> INSTRUCTIONS FOR THE TASK
Without including any pictures, retype exactly the lines from the top of the records through the line containing "When the oil", that final line included.

> MATERIAL FOR THIS TASK
---
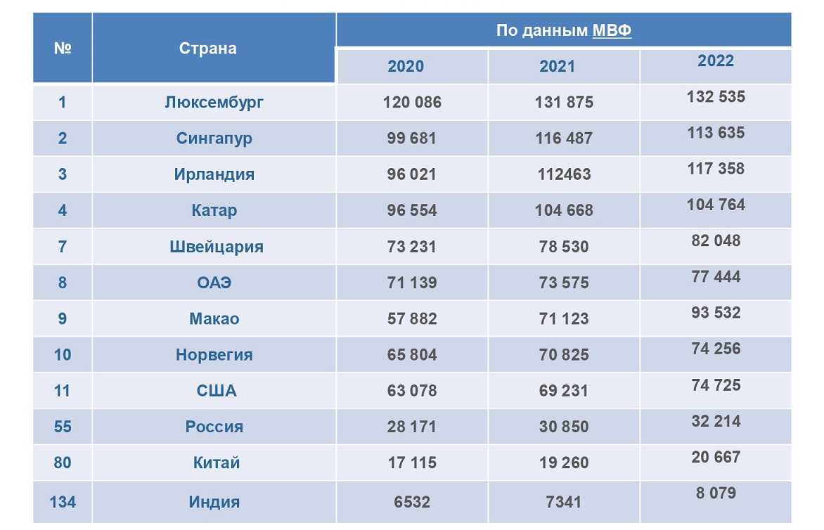 Поэтому Китай по ВВП на душу населения занимает в рейтинге лишь 59е место, Индия 143е, Россия 63е, а США 6ое. Лидер по данному показателю Люксембург, где на одного гражданина приходится почти 138 тыс. $. В переводе на рубли это примерно 10 млн 350 тыс. руб. в год (для сравнения, ВВП на душу населения на одного россиянина составляет 875 тыс. руб. в год). За Люксембургом следуют Сингапур, Ирландия, Швейцария, Норвегия и другие страны, которые не попали даже в первую двадцатку по показателям номинального ВВП и ВВП по ППС. При этом нужно понимать, что ВВП на душу населения это усреднённое значение. Оно не отражает неравенство в доходах людей внутри страны.
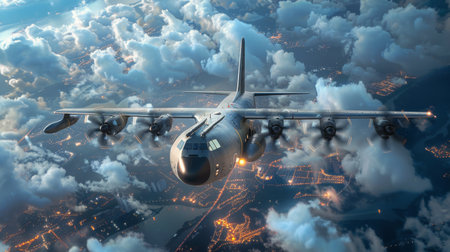 A large military aircraft soars above layers of fluffy clouds during sunset, casting a striking silhouette against the vibrant sky. The powerful engines are visible, emphasizing the craft's imposing presence in the air.
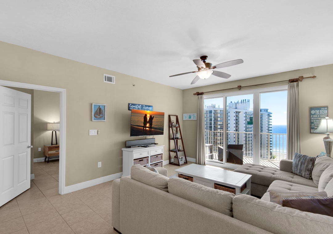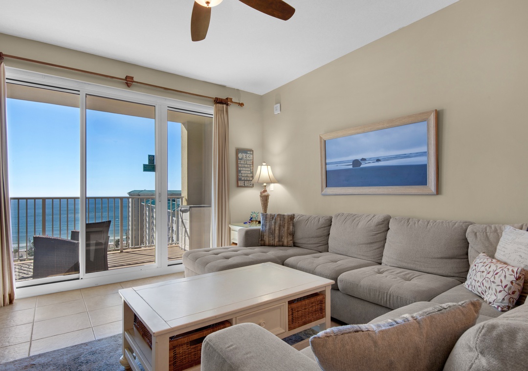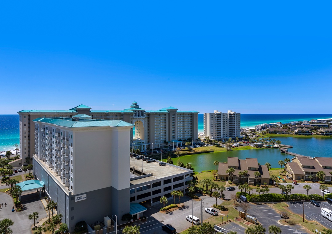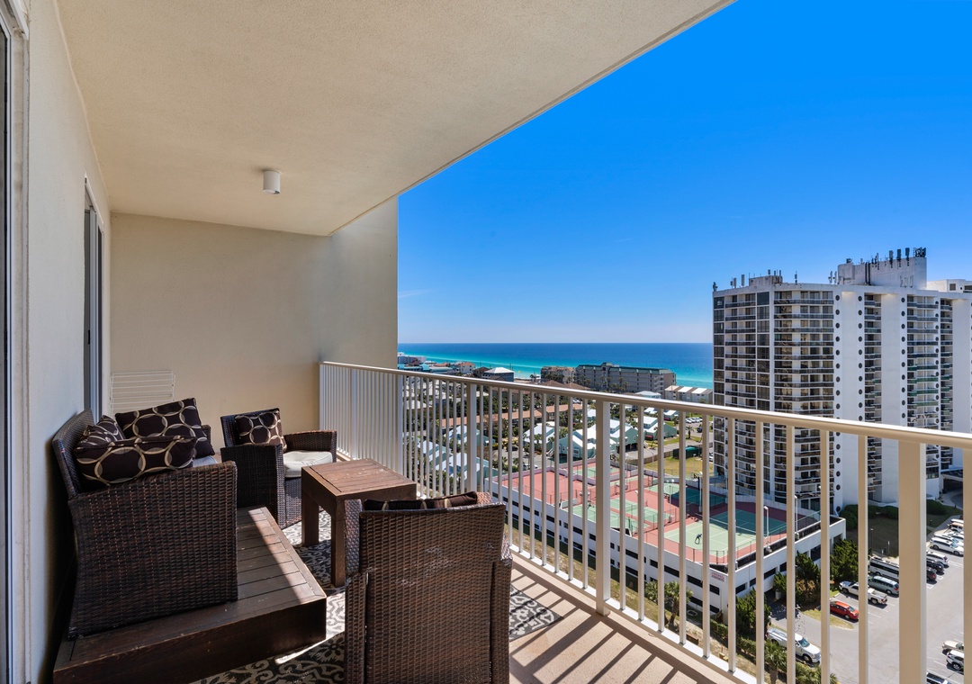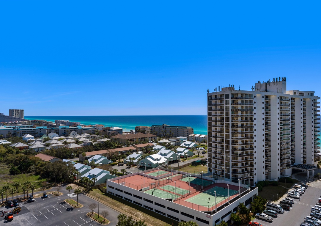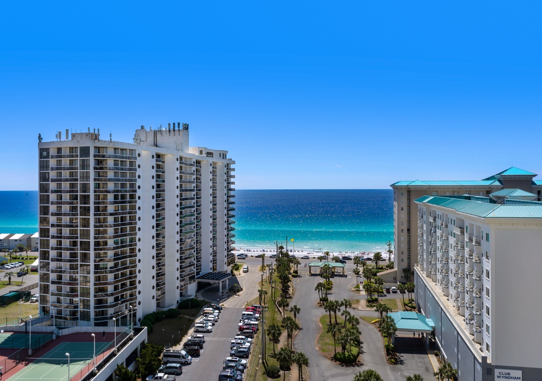 Ariel Dunes offers 24 stories of amazing views that span the sugar white sands and emerald green water of the coastline. The building is angled slightly to the west, and the sunsets are incredible! From the rear of the building, you get a bird's eye view of the lush Seascape Golf Course, and the sparkling Choctawhatchee Bay.
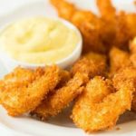 When the oil reaches 350 degrees F, gently place half of the shrimp in the oil and fry, stirring frequently to prevent sticking, until golden, about 2 1/2 minutes. Using a slotted spoon, spider, or tongs, transfer the shrimp to a wire cooling rack placed over a baking sheet and repeat with the remaining shrimp. Serve immediately, accompanied by the mango dipping sauce.
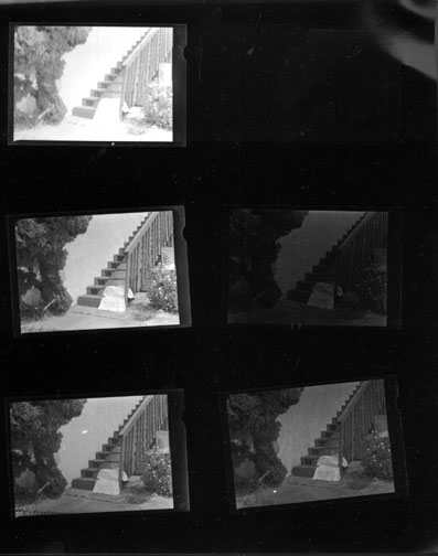Here's the test Proper Proof made after developing six Efke PL-100 negatives in 510 Pyro 1:200 for 10, 20, 30, 40, 50, 60 minutes with 1 minute agitation at the beginning and 10-seconds every 10 minutes. Exposed under the enlarger for the minimum time to print through the clear film edge.
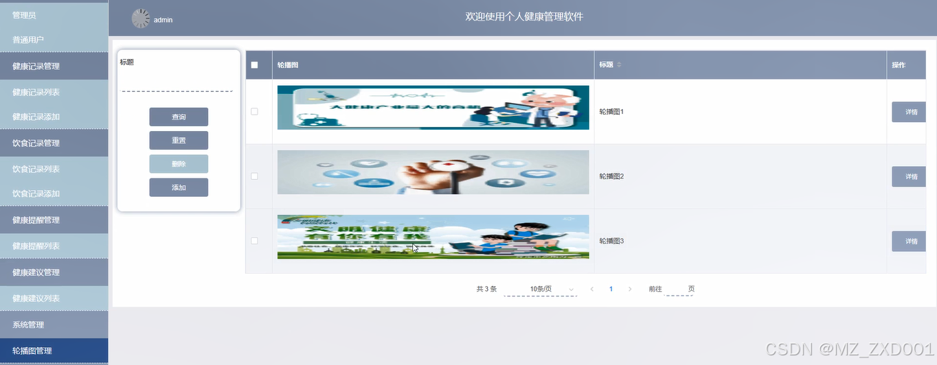 (7)系统管理:当管理员点击“系统管理”时,可查看轮播图; 如需添加新的轮播图,点击右侧“添加”按钮,上传图片,输入标题,点击“确认”按钮进行添加;同时可对轮播图进行增删改查。
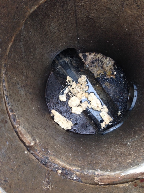すると、盛大に水が溜まっていて、経路を調べてみると二つのトイレが合流しているマスでの詰まりでした。
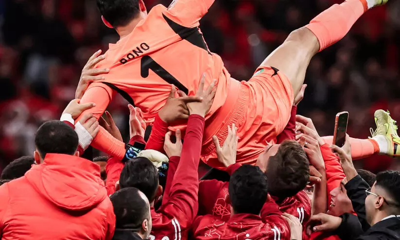 text_fieldsപെനാൽറ്റി ഷൂട്ടൗട്ടിലേക്ക് നീണ്ട ആഫ്രിക്കൻ നേഷൻസ് കപ്പ് സെമി ഫൈനലിൽ രക്ഷകനായ ഗോളി യാസീൻ ബൂനോയെ മൊറോക്കോ താരങ്ങൾ എടുത്തുയർത്തുന്നു
---
> COMPLETED TASK
 Поэтому Китай по ВВП на душу населения занимает в рейтинге лишь 59е место, Индия 143е, Россия 63е, а США 6ое. Лидер по данному показателю Люксембург, где на одного гражданина приходится почти 138 тыс. $. В переводе на рубли это примерно 10 млн 350 тыс. руб. в год (для сравнения, ВВП на душу населения на одного россиянина составляет 875 тыс. руб. в год). За Люксембургом следуют Сингапур, Ирландия, Швейцария, Норвегия и другие страны, которые не попали даже в первую двадцатку по показателям номинального ВВП и ВВП по ППС. При этом нужно понимать, что ВВП на душу населения это усреднённое значение. Оно не отражает неравенство в доходах людей внутри страны.
 A large military aircraft soars above layers of fluffy clouds during sunset, casting a striking silhouette against the vibrant sky. The powerful engines are visible, emphasizing the craft's imposing presence in the air.
 Ariel Dunes offers 24 stories of amazing views that span the sugar white sands and emerald green water of the coastline. The building is angled slightly to the west, and the sunsets are incredible! From the rear of the building, you get a bird's eye view of the lush Seascape Golf Course, and the sparkling Choctawhatchee Bay.
 When the oil reaches 350 degrees F, gently place half of the shrimp in the oil and fry, stirring frequently to prevent sticking, until golden, about 2 1/2 minutes. Using a slotted spoon, spider, or tongs, transfer the shrimp to a wire cooling rack placed over a baking sheet and repeat with the remaining shrimp. Serve immediately, accompanied by the mango dipping sauce.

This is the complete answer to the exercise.